Foreign Secretary
- In office 23 March 1999 – 26 January 2001
- Preceded by: Mustafizur Rahman
- Succeeded by: Syed Muazzem Ali

High Commissioner of Bangladesh to India
- In office 7 April 1995 – 7 June 1999
- Preceded by: Farooq Sobhan
- Succeeded by: Mostafa Faruk Mohammad

High Commissioner of Bangladesh to Pakistan
- In office 28 February 1987 – 5 October 1991
- Preceded by: Abul Ahsan
- Succeeded by: M. Anwar Hashim

Personal details
- Born: 27 January 1942 (age 84) Dhaka, Bangladesh
- Alma mater: University of Dhaka

= C. M. Shafi Sami =

Bangladeshi diplomat

CM Shafi Sami (born 27 January 1942) is a retired Bangladeshi diplomat.
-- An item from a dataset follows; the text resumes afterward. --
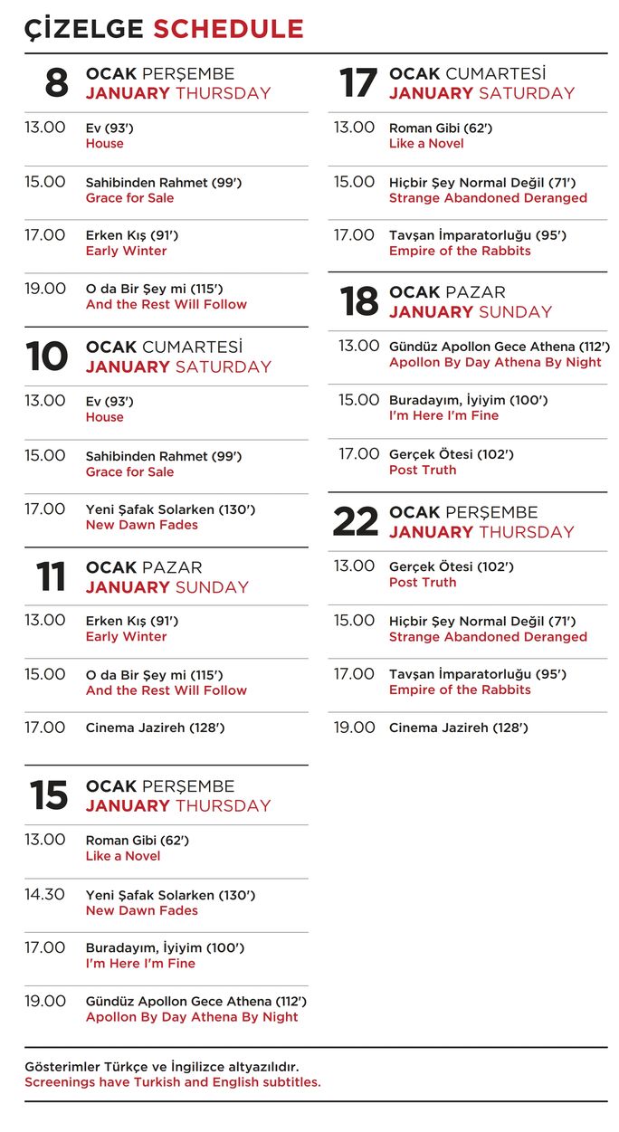 Bu yılın programında, Adana Altın Koza Film Festivali’nde Yılmaz Güney Ödülü’ne layık görülen Ev, Tokyo Film Festivali Asian Future bölümünde En İyi Film ve İstanbul Film Festivali’nde SİYAD En İyi Film Ödülü kazanan Gündüz Apollo, Gece Athena ile Antalya Altın Portakal Film Festivali’nde En İyi İlk Film ve En İyi Senaryo ödüllerinin sahibi Sahibinden Rahmet yer alıyor. Seçkide ayrıca, Altın Portakal’da En İyi Film dâhil yedi ödül kazanan Tavşan İmparatorluğu, İstanbul Film Festivali’nde En İyi Senaryo Ödülü’nü kazanan Pelin Esmer’in son filmi O da Bir Şey mi ve İstanbul Film Festivali’nde En İyi Yönetmen Ödülü’ne layık görülen Yeni Şafak Solarken de öne çıkan yapımlar arasında bulunuyor.
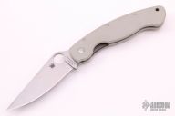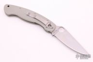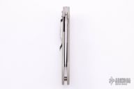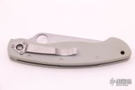 This Military Liner Lock has a satin finished blade with notched thumb rest and thumb hole. Handle is grey G10, with stainless steel single liner (lock), black fiber back spacer, black stainless steel tip down clip, and lanyard tube pin. Excellent condition. Comes with original box and papers.

He was selected as an adviser of the caretaker government of Bangladesh under President Iajuddin Ahmed and resigned after about a month with three other advisers Hasan Mashhud Chowdhury, Akbar Ali Khan and Sultana Kamal. According to Sheikh Hasina, they failed to discharge their constitutional responsibilities in the name of crackdown on corruption.

==Early life==
Sami was born on 27 January 1942 to Abdus Sami Chowdhury, a District and Sessions Court judge, and Roshan Ara Chowdhury, daughter of Khan Bahadur Abdul Hai Chowdhury. He belonged to the Chowdhuries of Bahadurpur, an Islamised branch of the Pal family of Panchakhanda.

Sami passed his matriculation from Jamalpur Government College and intermediate exam from MC College in Sylhet. He got his bachelor's and master's in physics from the University of Dhaka in 1962 and 1963 respectively. He joined Pakistan Civil Service in 1966. Prior to that he also worked at Pakistan Atomic Energy Commission (PAEC) and East Pakistan University of Engineering and Technology for a while.

==Career==
Sami was the chief coordinator of the first SAARC summit and was selected the deputy general secretary of the summit. He also worked at the Bangladesh embassy in Cairo and as the Charge-de-affairs in Paris. He also worked in the UNESCO as a residing representative. He served as Bangladesh's High Commissioner to Pakistan from February 1987 to October 1991.

Sami became the Bangladeshi High Commissioner to India in 1995 and remained there till 1999. During this time he played an important part in signing the Ganges Water Distribution Agreement and Chittagong Hill Tracts Peace Accord. After that, he served as the foreign secretary till 2001. During the caretaker government of 2001, he became the chief foreign secretary. Besides he was a member of the International Civil Service Commission of the United Nations. He also led Bangladeshi correspondents in UN, NAM, OIC and other international conferences.